2. Even if traffic counts are dozens of times higher, I’m not sure this offsets the difference in land value. Land in downtown Manhattan or Washington, DC, is– this is an educated guess based on real estate prices– worth millions of dollars an acre.
3. That rural highways increase land value actually reinforces my claim that urban drivers, but not rural drivers, should be charged rent for their road use. If the land (rural) highways are built on is valuable, it is valuable mainly due to the highway. Drivers are making the land more valuable– if anything, they should be charged negative rent! (Which is another reason that a carbon tax is a bad substitute for a land-use tax; driving on rural highways may be something we want to encourage, from some points of view.) Urban land, on the other hand, does not need roads to make it valuable.
4. That land owners were compensated is like arguing that there’s nothing wrong with nationalizing the restaurant industry and give food away free, if we compensate restuarant owners. A socialized restaurant industry would not operate efficiently. Likewise I question whether mass driving in urban areas represents rational land use, as opposed to an economic distortion induced by the government’s provision of free road space.

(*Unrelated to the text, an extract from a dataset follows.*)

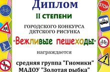 Городской конкурс детского рисунка «Вежливые пешеходы». Воспитанники средней группы №7 «Гномики» и воспитатель Алешина А.В. награждены Дипломом II степени. Поздравляем!!! 26.10.2020
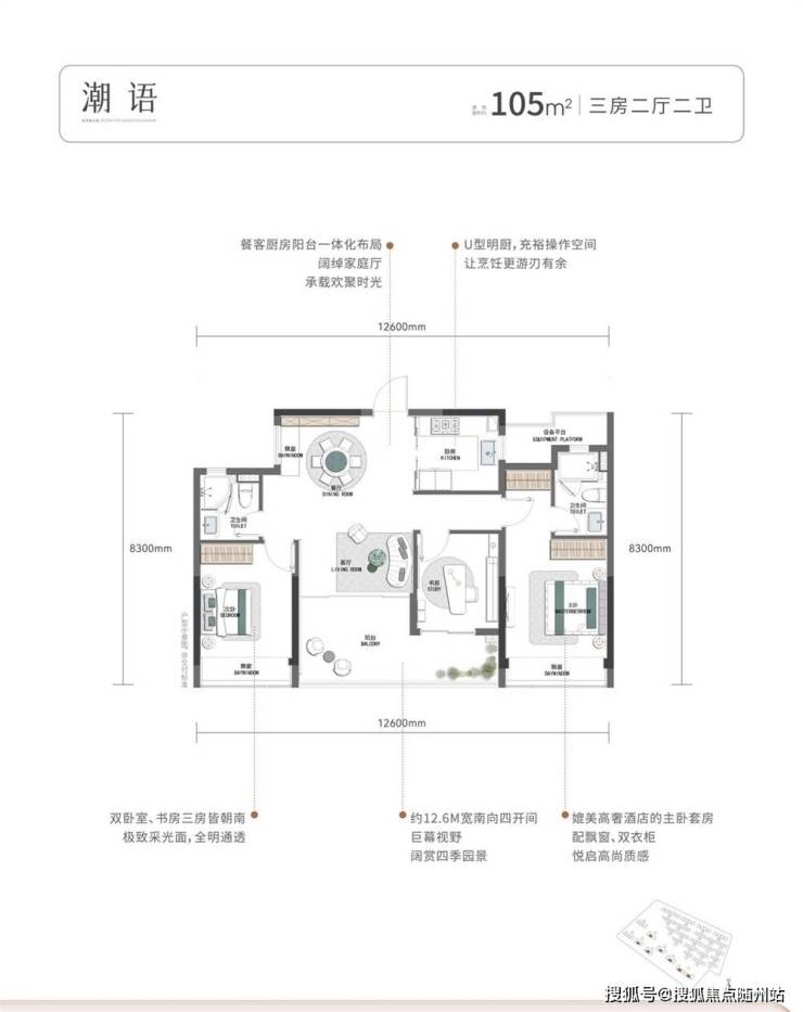 揽景小高层建筑面积约105-130㎡,为最大化景观面,突破性设计建筑面积约105㎡南向四开间。

My own view is that pedestrians, bicycles, trolleys and some other forms of transportation create positive externalities (community, cuteness) while cars produce negative externalities (traffic jams, danger, isolation). Government provision of free roads is like smoke-belching Soviet factories– it’s a socialist policy with large negative side-effects for society.
JohnDewey
Jun 20 2006 at 12:45pm
Nathan Smith: “That rural highways increase land value actually reinforces my claim that urban drivers, but not rural drivers, should be charged rent for their road use.”
All new highways and highway expansions, rural and urban, increase total value of surrounding land. Urban and suburban highways increase land values even more in absolute dollars than do rural highways, with a few exceptions.
JohnDewey
Jun 20 2006 at 12:49pm
“That land owners were compensated is like arguing that there’s nothing wrong with nationalizing the restaurant industry and give food away free, if we compensate restuarant owners. “
I don’t think that’s a valid argument. Restaurants already possess their value as restaurants. Government would not add anything through nationalization.
Government did not nationalize any existing highways, at least not in my lifetime (55 years). Government paid market value for existing land, built highways on it, and increased the value of all other surrounding land. Furthermore, it did so:
– using vehicle drivers’ funds;
– at vehicle drivers’ request, through their elected officials;
– for the primarily benefit of those very same vehicle drivers.
The land has already been paid for by the vehicle drivers. Maintaining the highways is funded by fuel taxes plus other taxes on the general public – almost all of whom are vehicle drivers.
Why should government force vehicle drivers to pay again for land they’ve already purchased and they continue to maintain through their taxes?
JohnDewey
Jun 20 2006 at 12:51pm
“Government provision of free roads is like smoke-belching Soviet factories– it’s a socialist policy with large negative side-effects for society.”
What are the negative side effects of highways? Highways prevent congestion. Reduced congestion leads to less pollution, not more. Highways everywhere lead to faster commutes and faster transport of goods. Highways thus provide a higher quality of life and increased standard of living.
Highways are not free. Every vehicle owner pays for the highways every time he fills up at the pump.
The only free ride is being given to rail transit users. They steal from the highway fund to heavily subsidize ineffective light rail and commuter rail lines.
Those who favor mass transit should advocate bus rapid transit (BRT). Not only is it cost effective, but BRT shares at very low cost the same highways (and HOV lanes) that transit advocates criticize.